Intel® C++ Compiler 16.0 User and Reference Guide
Insert a "%s parallel private(%s)" statement right before the loop at line %d to parallelize the loop.
Add "#pragma parallel private" before the specified loop. This pragma enables the parallelization of the loop at the specified line.
Consider the following:
float A[10][10000]; float B[10][10000]; float C[10][10000]; void foo( int n, int m1, int m2 ) { int i,j; float W[10000]; for (i =0; i < n; i++) { for (j =0; j < m1; j++) W[j] = A[i][j] * B[i][j]; for (j =0; j < m2; j++) C[i][j] += W[j] + 1.0; } }
In this case, the compiler does not parallelize the loop since it cannot determine whether m1 >= m2.
If you know that this property is true, and that no element of W is fetched before it is written to after the loop, then you can use the recommended pragma.
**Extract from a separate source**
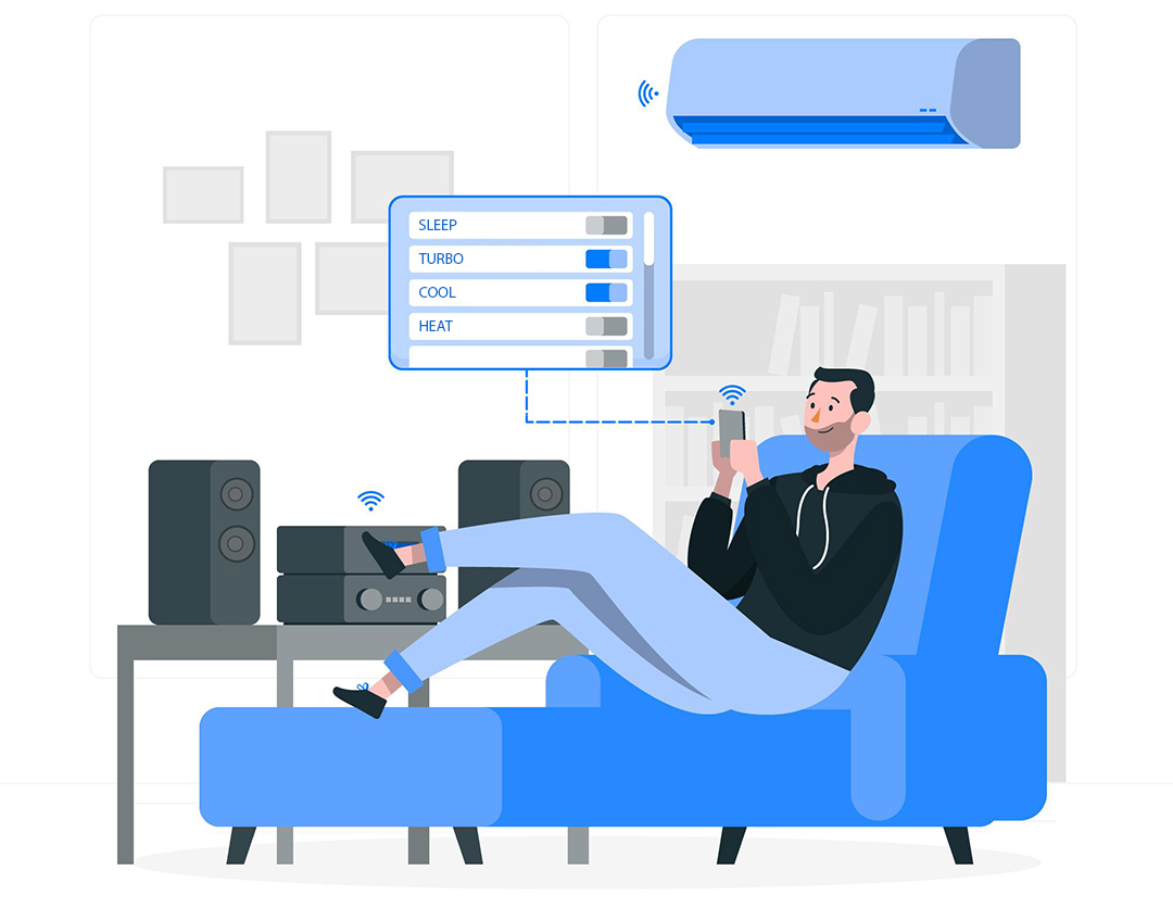 Управляет более, чем 1000 различных всемирно известных марок кондиционеров.Имеет функцию ручного поиска (плюс или минус) и автоматического поиска типа кондиционера, который позволяет легко и удобно найти подходящий тип кондиционера.Кнопки функций таймера на включение и выключение.Имеется функция часов.

If you determine it is safe to do so, you can add the pragma as follows:
float A[10][10000]; float B[10][10000]; float C[10][10000]; void foo( int n, int m1, int m2 ) { int i,j; float W[10000]; #pragma parallel private (W) for (i =0; i < n; i++) { for (j =0; j < m1; j++) W[j] = A[i][j] * B[i][j]; for (j =0; j < m2; j++) C[i][j] += W[j] + 1.0; } }
Before an element of an array can be read in the loop, there must have been a previous write to it during the same loop iteration. In addition, if an element is read after the loop, there must have been a previous write to it before the read after the loop.